Dr. Ali, during a press conference, highlighted that Guyana was appointed by the Commonwealth Secretariat to build consensus on the “sustainable and regenerative use of natural resources” among the Heads of Government in the bloc.
In so doing, the Guyana is expected to help develop a blueprint for carbon credit use, forest protection and a “coherent and consensual approach” to the upcoming United Nations (UN) climate talks, COP28.
“Guyana and Gabon are leading efforts in this area,” the President said.
Guyana has been recognised for its forest protection efforts and, for over a decade, it has lobbied for a global system that pays the country for keeping the forest intact. Norway was the first to buy in, signing a deal for USS$250 million, once deforestation rates remain intact.
Last year, an end-user agreement for carbon credits was signed with the oil company Hess Corporation. The Hess deal, Guyana’s first carbon credit deal so far, was brokered after the country got special carbon credits issued to it last December.
These forests cover an area the size of England.

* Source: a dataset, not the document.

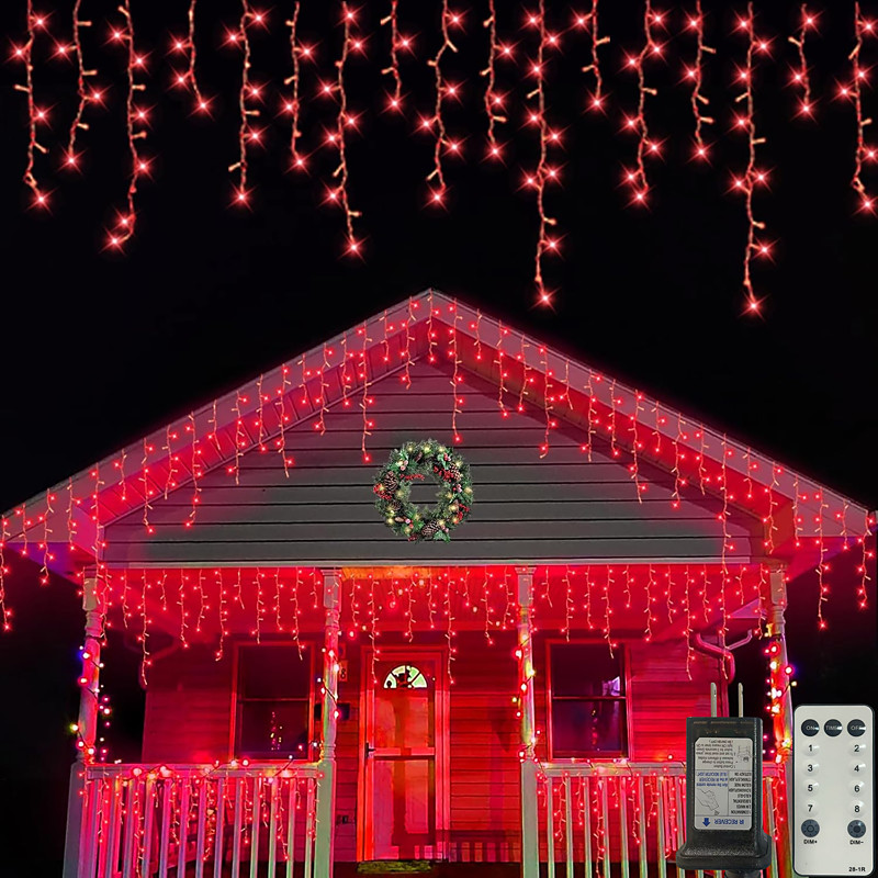 Christmas Icicle Lights 33ft 400 Leds 48 Drops 8 Function Timer Remote Control Clear Wire Connectable String Lights Holiday Wedding Party Decorative Lights Low Voltage Safe Plug in

The forests store over 19.5 gigatonnes of carbon which if cut down, would release all of that into the atmosphere, further causing harm to the environment.
But Guyana has been protecting those forests for years; it is focused on ways on sustainably managing those forests and earning from its forest protection efforts.
President Ali, on Saturday, emphasised that the government is committed to environmental preservation.
“This will never change.
“Guyana is just one of four high-forest cover, low-deforestation countries in the world. That is why the recent coup in Gabon, another [High Forest cover, Low Deforestation] country is of concern to us.
“We don’t want that to affect its environmental protection efforts. We are more than willing to help them to continue the preservation path,” Dr. Ali said.